Let’s go back to first question:
On each month, how many count of billings do we have?
Here’s how we’re going to solve it.
SELECT
COUNT(*) AS count_all,
DATE_TRUNC('month', "billings"."paid_at"::timestamptz AT TIME ZONE 'Etc/UTC')::date AS month
FROM
"billings"
WHERE
("billings"."paid_at" IS NOT NULL)
GROUP BY
DATE_TRUNC('month', "billings"."paid_at"::timestamptz AT TIME ZONE 'Etc/UTC')::date
And here’s the result example:
count_all|month |
---------+----------+
432|2023-03-01|
14|2023-01-01|
30|2022-04-01|
9|2022-09-01|
7|2023-04-01|
10|2023-06-01|
12|2022-07-01|
90|2022-10-01|
44|2022-06-01|
20|2022-08-01|
31|2023-05-01|
65|2022-11-01|
183|2023-02-01|
91|2023-07-01|
10|2023-08-01|
3|2022-12-01|
12|2022-02-01|
108|2022-05-01|
Let’s go to the next question:
On each week, how much the billings we pay?
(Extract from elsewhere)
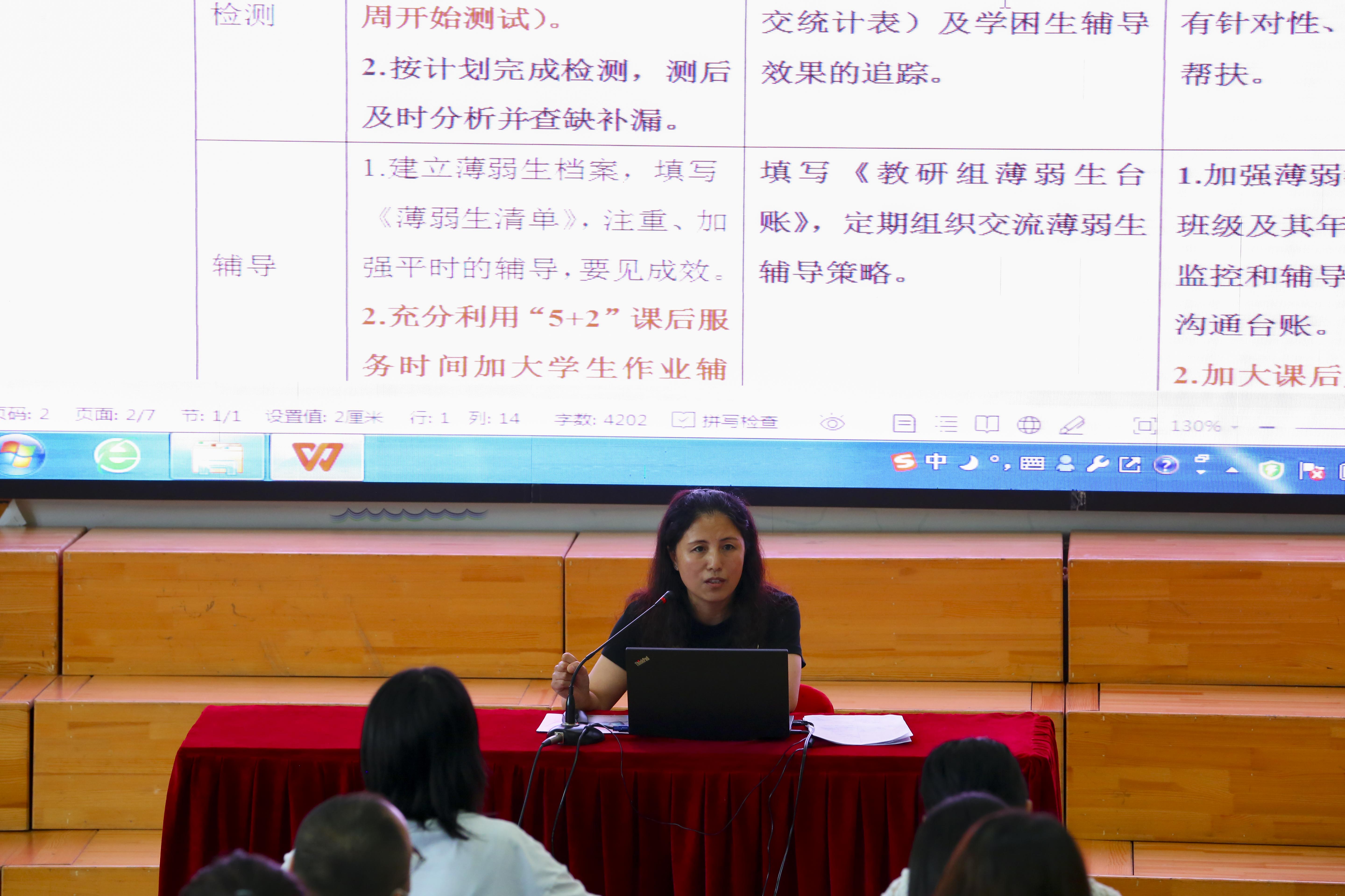校长助理陈立红先从“常规工作、重点工作、创新工作”三大方面解读了本学期小学部教学计划,强调了“四个以”:以“双减”为要求,教学整体规划,切实提高学校育人水平;以“目标”为导向,采用“五重”措施,实行“我的教学我负责”; 以“发展”为目标,唤醒成长内驱,夯实教师教学基本技能;以“活动”为载体丰富校园生活,促进学生综合素养提升。

The grouping principle is the same, however we need to group the data by week.
SELECT
SUM("billings"."amount") AS sum_amount,
DATE_TRUNC('week', "billings"."paid_at"::timestamptz AT TIME ZONE 'Etc/UTC')::date AS week_segment
FROM
"billings"
WHERE
("billings"."paid_at" IS NOT NULL)
GROUP BY
DATE_TRUNC('week', "billings"."paid_at"::timestamptz AT TIME ZONE 'Etc/UTC')::date
The result will be something like this:
sum_amount |week_segment|
--------------+------------+
130.000000| 2023-01-01|
480.000000| 2022-10-23|
0.000000| 2022-04-17|
80.000000| 2022-06-05|
431.000000| 2023-06-11|
0.000000| 2023-04-16|
24.000000| 2023-06-25|
33.000000| 2022-08-21|
0.000000| 2022-06-12|
3000.000000| 2022-02-13|
20.000000| 2022-08-07|
1120.000000| 2023-01-15|
The same goes with the last question.
On each day, what’s the average of the billings we pay?
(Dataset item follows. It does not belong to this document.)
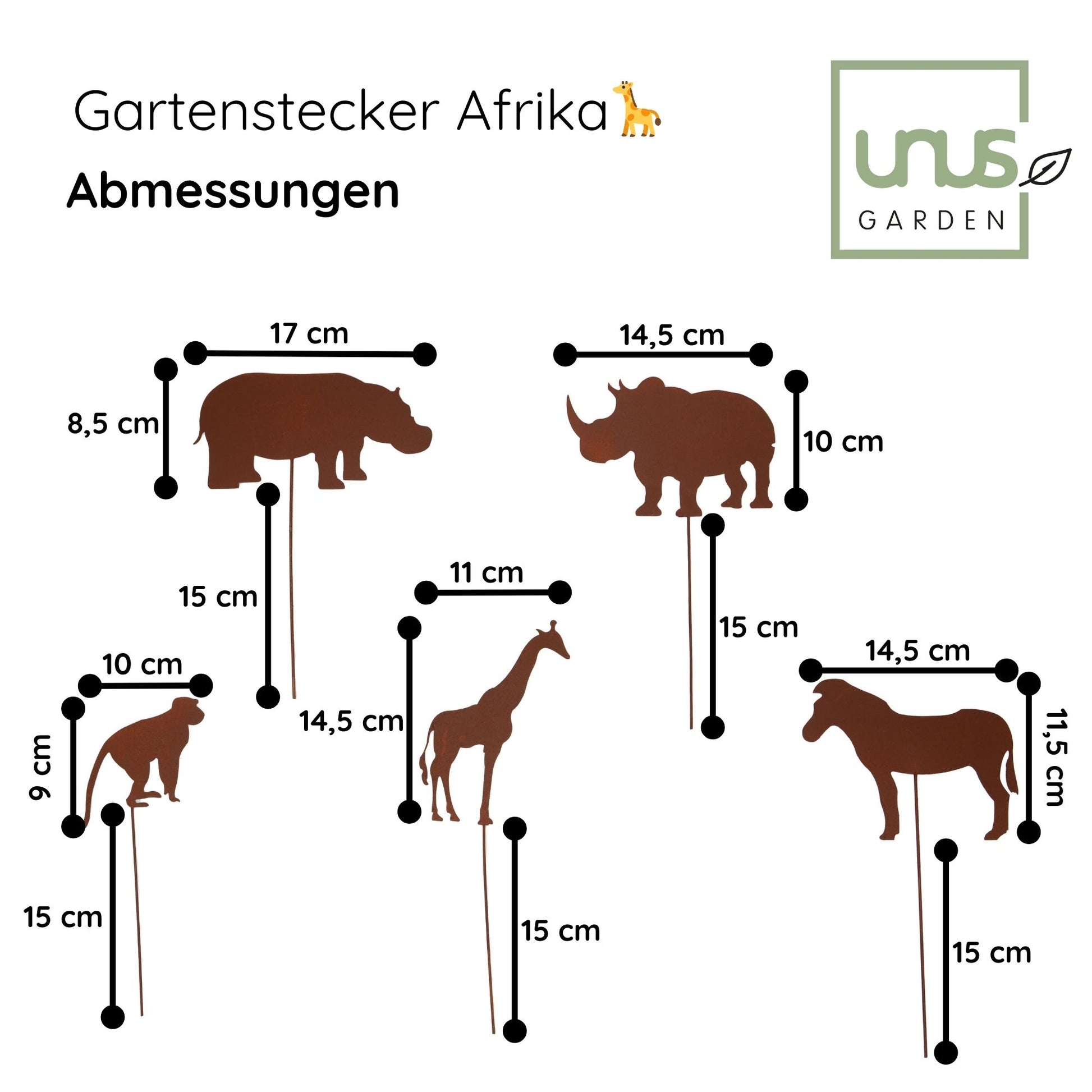 Verleihen Sie Ihrem Garten, Terrasse oder Ihrem Balkon eine Safari-Note und genießen Sie die Vielfalt und Eleganz der afrikanischen Tierwelt mit unserem 5er Set Roststecker.

We just need to truncate it by day.
SELECT
AVG("billings"."amount") AS avg_amount,
DATE_TRUNC('day', "billings"."paid_at"::timestamptz AT TIME ZONE 'Etc/UTC')::date AS day
FROM
"billings"
WHERE
("billings"."paid_at" IS NOT NULL)
GROUP BY
DATE_TRUNC('day', "billings"."paid_at"::timestamptz AT TIME ZONE 'Etc/UTC')::date
EXTRACT
Function
We can use EXTRACT
function to get the specific number of timestamp date (specific number of month, day, etc).
SELECT
COUNT(1) AS count,
EXTRACT('year' FROM paid_at) AS year, EXTRACT('month' FROM paid_at) AS month
FROM
"billings"
WHERE
("billings"."paid_at" IS NOT NULL)
GROUP BY
EXTRACT('year' FROM paid_at), EXTRACT('month' FROM paid_at)
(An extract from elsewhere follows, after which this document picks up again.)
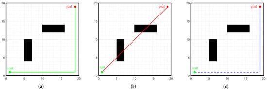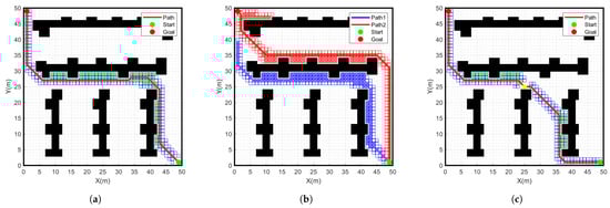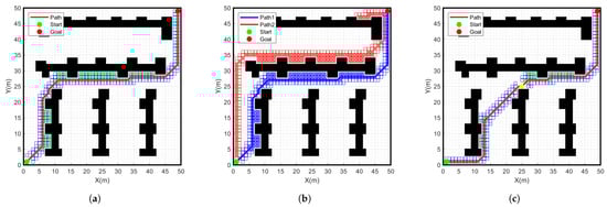 Simulation results of different algorithms for start point (1, 1) goal point (49, 49) on a 50 × 50 grid map. (a) Traditional A-star algorithm, (b) Bidirectional A-star algorithm, (c) Improved A-star algorithm.

ORDER BY EXTRACT('year' FROM paid_at), EXTRACT('month' FROM paid_at);
The example result:
count|year|month|
-----+----+-----+
13|2022| 2|
120|2022| 4|
8|2022| 5|
12|2022| 6|
210|2022| 7|
180|2022| 8|
3|2022| 9|
DATE_PART
Function
DATE_PART
function is quite similar to EXTRACT
function.
SELECT
COUNT(1) AS count,
DATE_PART('year', paid_at) AS year, DATE_PART('month', paid_at) AS month
FROM
"billings"
WHERE
("billings"."paid_at" IS NOT NULL)
GROUP BY
DATE_PART('year', paid_at), DATE_PART('month', paid_at)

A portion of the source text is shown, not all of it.